A recent discovery made by scientists show how our immune system is provoked into action when attacked by virus. This mechanism in vaccines holds promise for the development of new ways of preventing and treating infectious diseases and cancer. The discovery is described in today's edition of the journal Science.
Killer T cells - also called cytotoxic T lymphocytes - play a central role in our immune system. They are capable of specifically identifying and killing cells harbouring viruses or bacteria and also cancer cells. It is likely that cytotoxic T lymphocytes will play an important role in the future development of vaccines against HIV/AIDS, hepatitis C, malaria and also cancer.

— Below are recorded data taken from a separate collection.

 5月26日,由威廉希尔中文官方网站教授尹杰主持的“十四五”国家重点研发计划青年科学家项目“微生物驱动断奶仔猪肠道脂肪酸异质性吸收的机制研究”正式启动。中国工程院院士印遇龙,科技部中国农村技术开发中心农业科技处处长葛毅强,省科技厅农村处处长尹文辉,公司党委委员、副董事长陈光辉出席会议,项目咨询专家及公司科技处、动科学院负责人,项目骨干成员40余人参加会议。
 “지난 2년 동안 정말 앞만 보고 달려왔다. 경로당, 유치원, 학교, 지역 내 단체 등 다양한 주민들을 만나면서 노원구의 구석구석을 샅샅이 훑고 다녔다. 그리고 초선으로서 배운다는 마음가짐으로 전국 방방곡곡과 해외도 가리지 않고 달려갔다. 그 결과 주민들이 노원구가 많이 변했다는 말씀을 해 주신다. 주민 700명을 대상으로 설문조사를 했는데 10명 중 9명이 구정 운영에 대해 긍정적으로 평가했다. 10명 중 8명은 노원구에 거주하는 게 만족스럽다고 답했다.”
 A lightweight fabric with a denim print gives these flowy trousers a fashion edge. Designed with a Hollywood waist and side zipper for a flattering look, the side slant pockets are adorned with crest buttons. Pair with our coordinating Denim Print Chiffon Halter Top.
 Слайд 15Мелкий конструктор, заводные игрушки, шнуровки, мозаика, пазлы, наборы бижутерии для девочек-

It has long been known that viral infection in humans is followed by formation of an army of T lymphocytes. But how does this mobilization come about and who decides it? Researchers think that the alert is provided by dendritic cells capable of identifying a virus by its specific, characteristic molecular motifs called pathogen-associated molecular patterns or PAMPs. After identifying a pathogen, the dendritic cells then coordinate the action of cytotoxic T lymphocytes.

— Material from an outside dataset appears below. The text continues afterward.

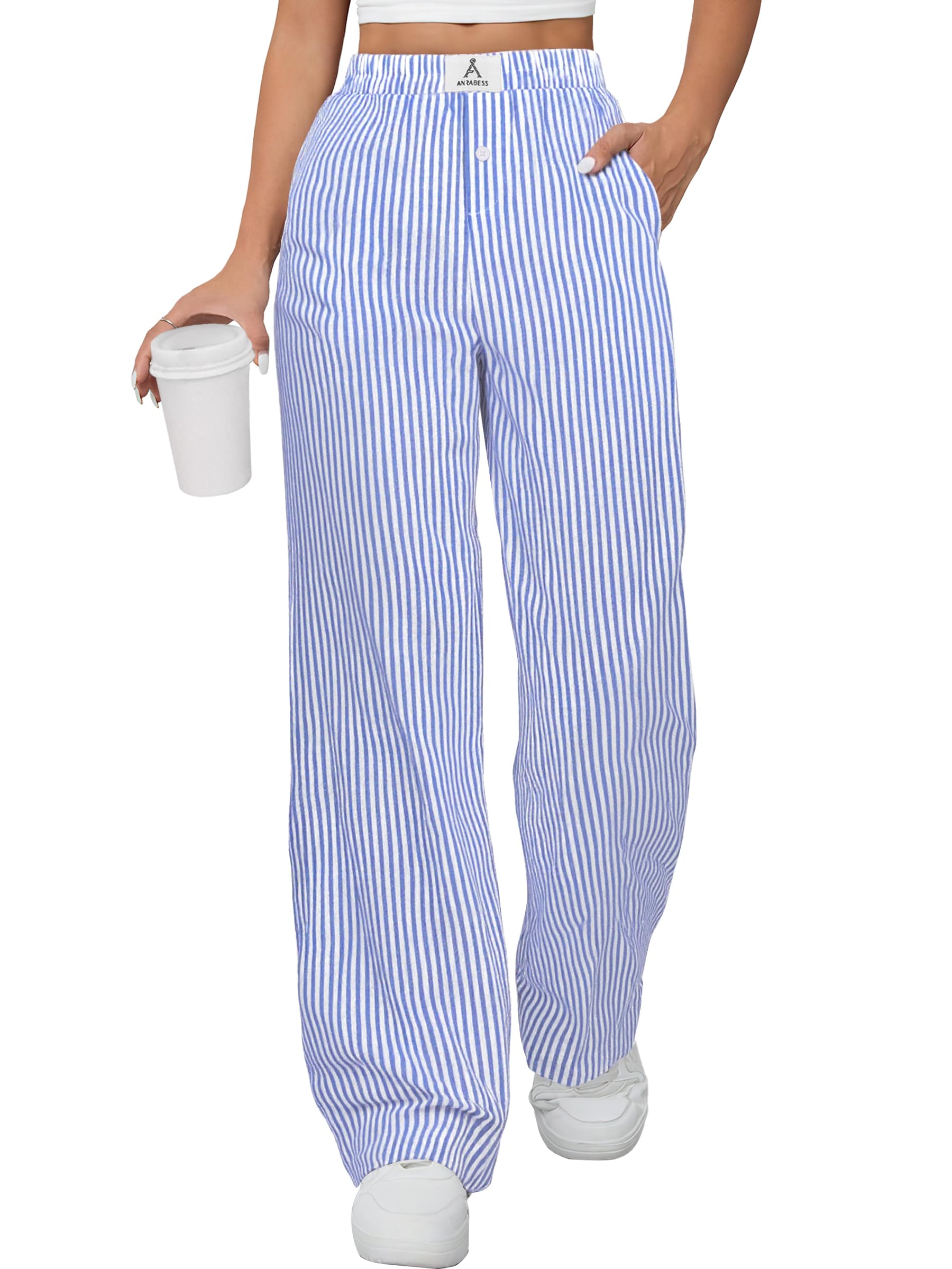 Features - Women's fall pajama pants, lounge trousers with pockets, plaidοΌstripe design, elastic waist, lightweight breathable. This womens pants perfect for daily wear, home, workout, beach, travel.
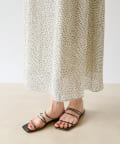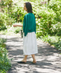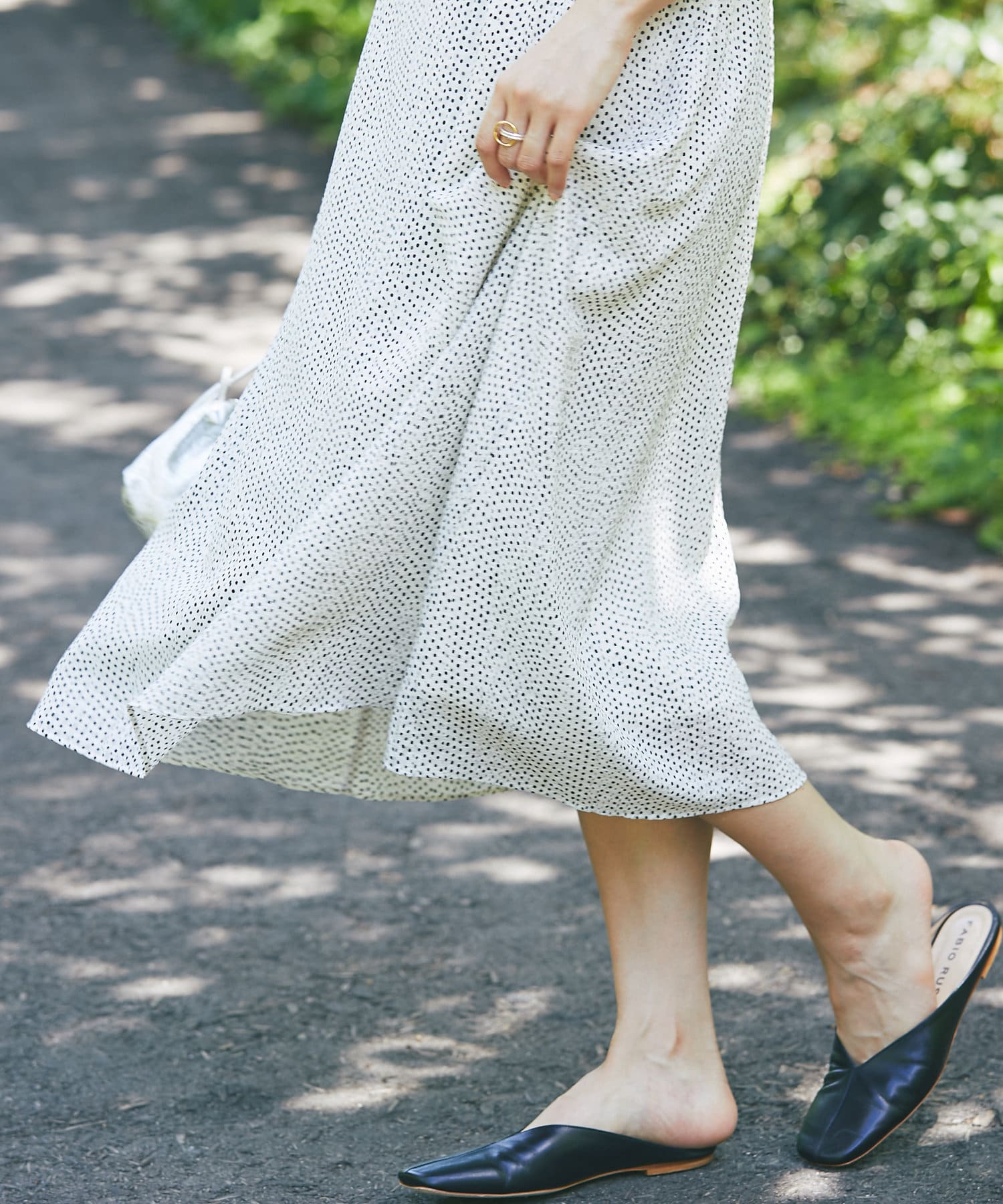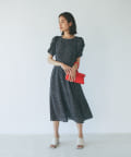 ウエストにはゴムを入れてギャザーを寄せているので、ウエストの細さを引き立ててこちらも女性らしく、スタイルアップにも一役買ってくれるシルエット。

However, another fundamental mechanism underlies the counter-attack launched by the immune system. This mechanism is described for the first time by Professor Max Loehning (Charité Berlin Medical University) and Professor Daniel Pinschewer (UNIGE) in an article published today in the journal Science. It is engaged after the virus has already killed certain cells. These cells release all kinds of molecules when they die, including some very distinctive molecules that experts have dubbed damage-associated molecular patterns or DAMPs. Among the molecular debris of this miniature battlefield, DAMPs are unique in providing an unequivocal signal that the body has suffered damage.

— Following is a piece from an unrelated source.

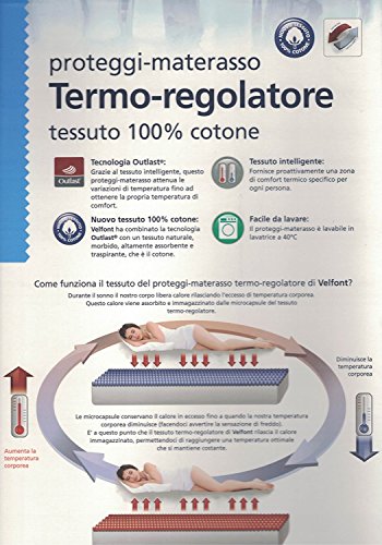 Velfont COPRIMATERASSO Fresco Proteggi Materasso con Angoli TERMOREGOLATORE in Tessuto Outlast di 100% Cotone Matrimoniale Maxi 180X190/200 cm
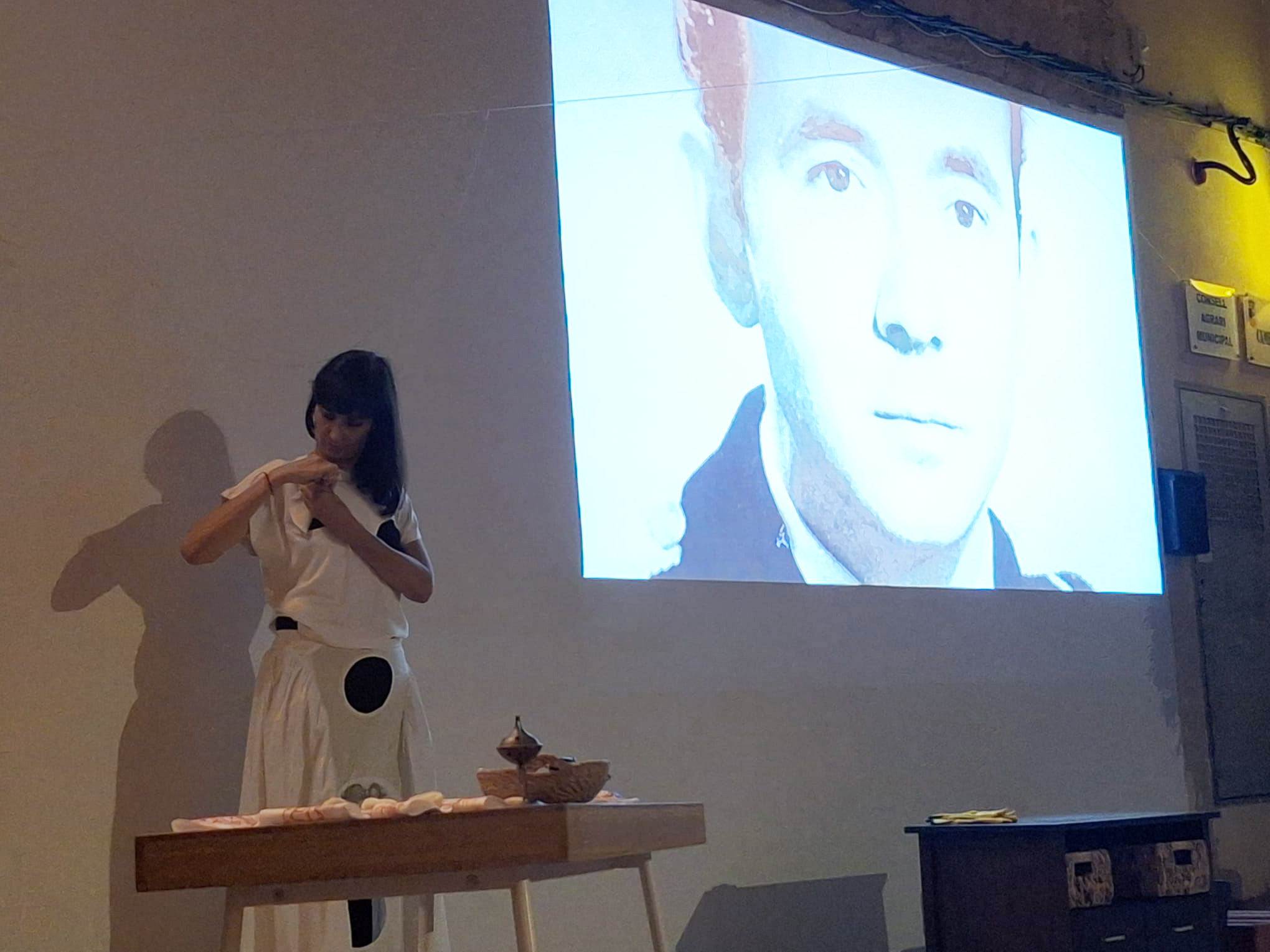 En la acción el cuerpo, la imagen y el sonido se emplean como elementos de reflexión, de trabajo y de representación en una puesta en escena de memoria expandida y de intimidad compartida.

The research team suspects that the ferocity of the attack mounted by the cytotoxic T lymphocytes is strongly related to the presence of a particular DAMP called interleukin 33 (IL-33). This protein is normally found inside cells that line the walls of the spleen and lymph nodes, the "homes" of cytotoxic T lymphocytes inside the body. Therefore, when these cells are killed by viruses, the interleukin 33 they release immediately signals the cytotoxic T lymphocytes to launch an all-out attack.
The authors were able to demonstrate the existence of this mechanism with the aid of mice whose immune system is not able, for genetic reasons, to identify interleukin 33. As expected, these animals are clearly less able to fend off a viral infection. The cytotoxic T lymphocytes struggle to mount an effective counter-attack because there are simply not enough of them.
If the inability of an organism to recognize interleukin 33 makes it more vulnerable to infections of any kind, one could imagine that, conversely, interleukin 33 could be used to increase the number and the aggressiveness of T lymphocytes mobilized during vaccination.
As explained by Max Loehning and Daniel Pinschewer, the alerts provided by PAMPs and DAMPs seem to be complementary during the preparation of a counter-attack: "PAMPs alert dendritic cells which, in turn, enlist killer T cells. However, the response of the latter cells remains fairly mild until they are roused into action by the presence of DAMP released by victims of the virus in the immediate vicinity."
These results represent fertile new territory for researchers developing vaccines against infectious diseases and cancer.